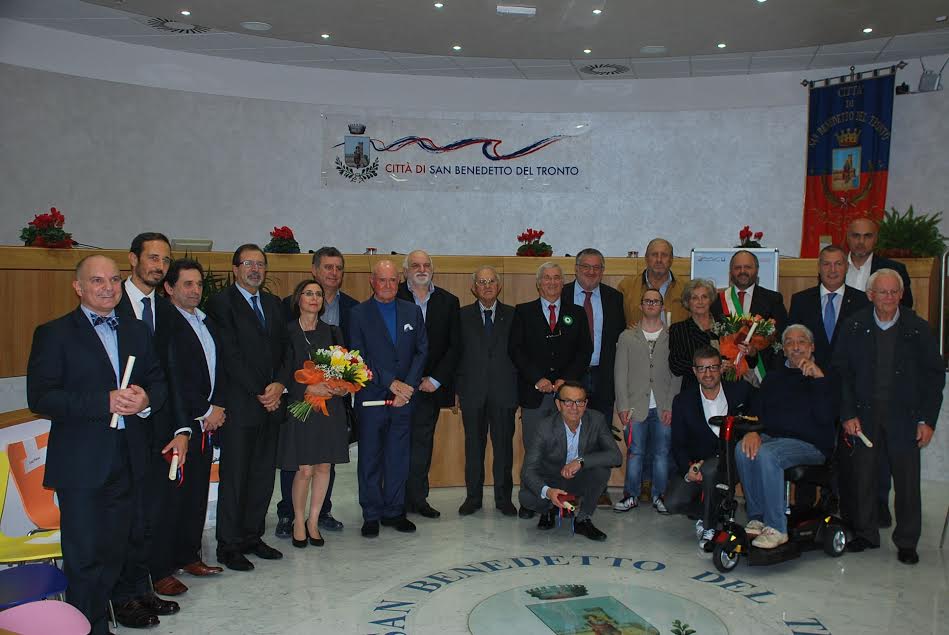 Durante la cerimonia non sono mancati momenti emozionanti, divertenti e attestati d’amore verso la città. Di Salvatore ha letto una poesia in dialetto sul conferimento del premio, Camiscioni ha donato al Sindaco la cravatta ufficiale della nazionale italiana di rugby, Rosa Marisa Borraccini ha ringraziato e ricordato che San Benedetto resta sempre “un porto sicuro per i suoi affetti”.
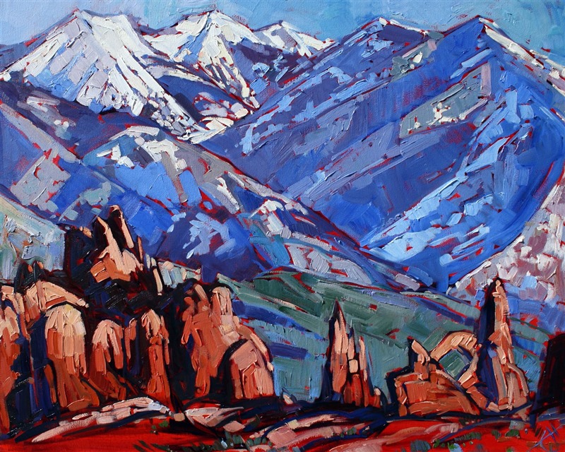 Style: "Open Impressionism" is a new style of painting developed by American artist Erin Hanson. The style is characterized by short, impasto brush strokes that are applied without layering, creating a mosaic or stained-glass appearance to the paintings. The paintings are created with a limited palette of colors, applied without blending or mixing upon the canvas, which adds a dimension of texture to each brush stroke. Inspired by classic impressionism, pointillism, and post-impressionism, Erin Hanson continues the tradition of impressionism into the modern day with her colorful and vivacious landscape paintings.
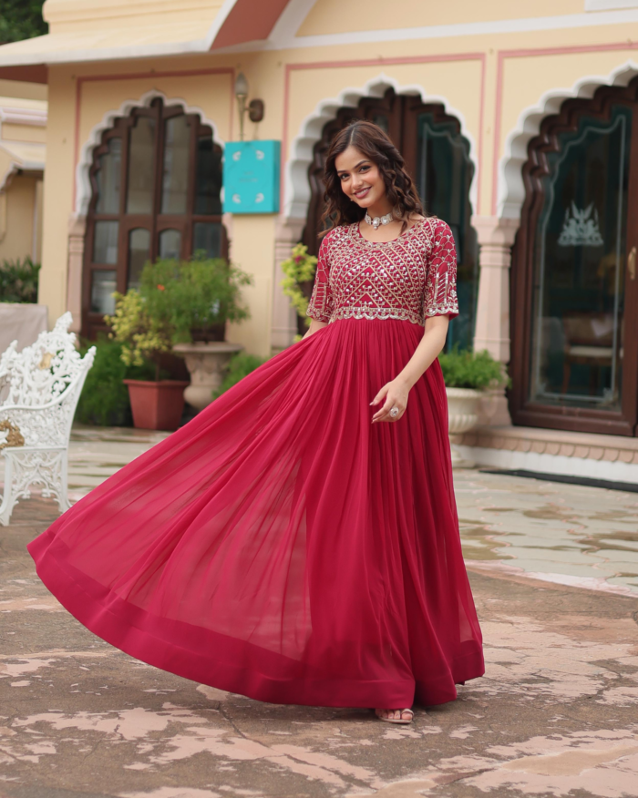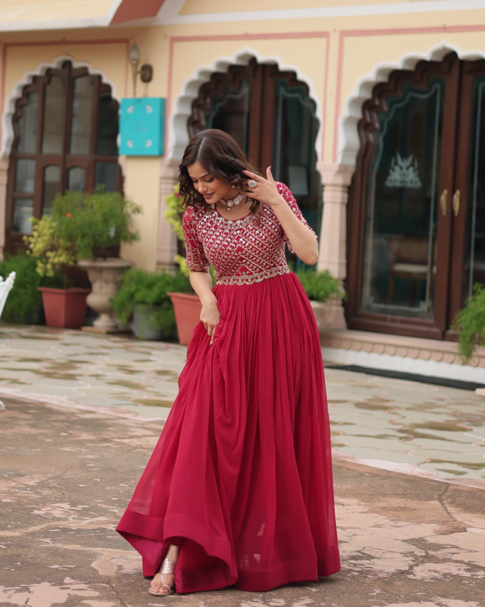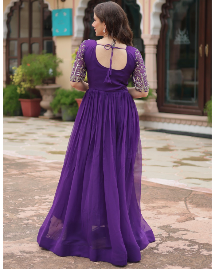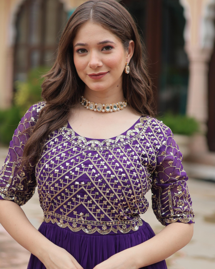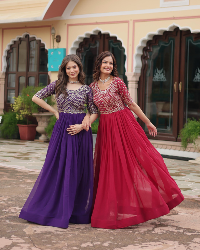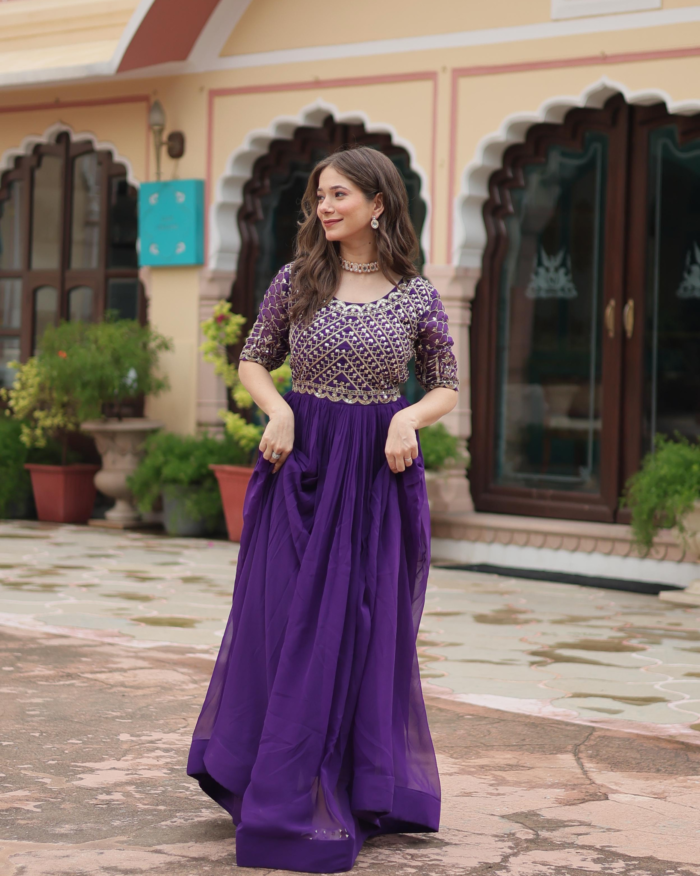 👉🏻 FABRIC & WORK:- Faux Blooming with Embroidery Zari Sequins-work

■ ■ ■ ■ ■ ■ ■

= Activity =
Where a picture appears, skip it; repeat everything else in the data exactly.

= The answer =
 Durante la cerimonia non sono mancati momenti emozionanti, divertenti e attestati d’amore verso la città. Di Salvatore ha letto una poesia in dialetto sul conferimento del premio, Camiscioni ha donato al Sindaco la cravatta ufficiale della nazionale italiana di rugby, Rosa Marisa Borraccini ha ringraziato e ricordato che San Benedetto resta sempre “un porto sicuro per i suoi affetti”.
 Style: "Open Impressionism" is a new style of painting developed by American artist Erin Hanson. The style is characterized by short, impasto brush strokes that are applied without layering, creating a mosaic or stained-glass appearance to the paintings. The paintings are created with a limited palette of colors, applied without blending or mixing upon the canvas, which adds a dimension of texture to each brush stroke. Inspired by classic impressionism, pointillism, and post-impressionism, Erin Hanson continues the tradition of impressionism into the modern day with her colorful and vivacious landscape paintings.
 👉🏻 FABRIC & WORK:- Faux Blooming with Embroidery Zari Sequins-work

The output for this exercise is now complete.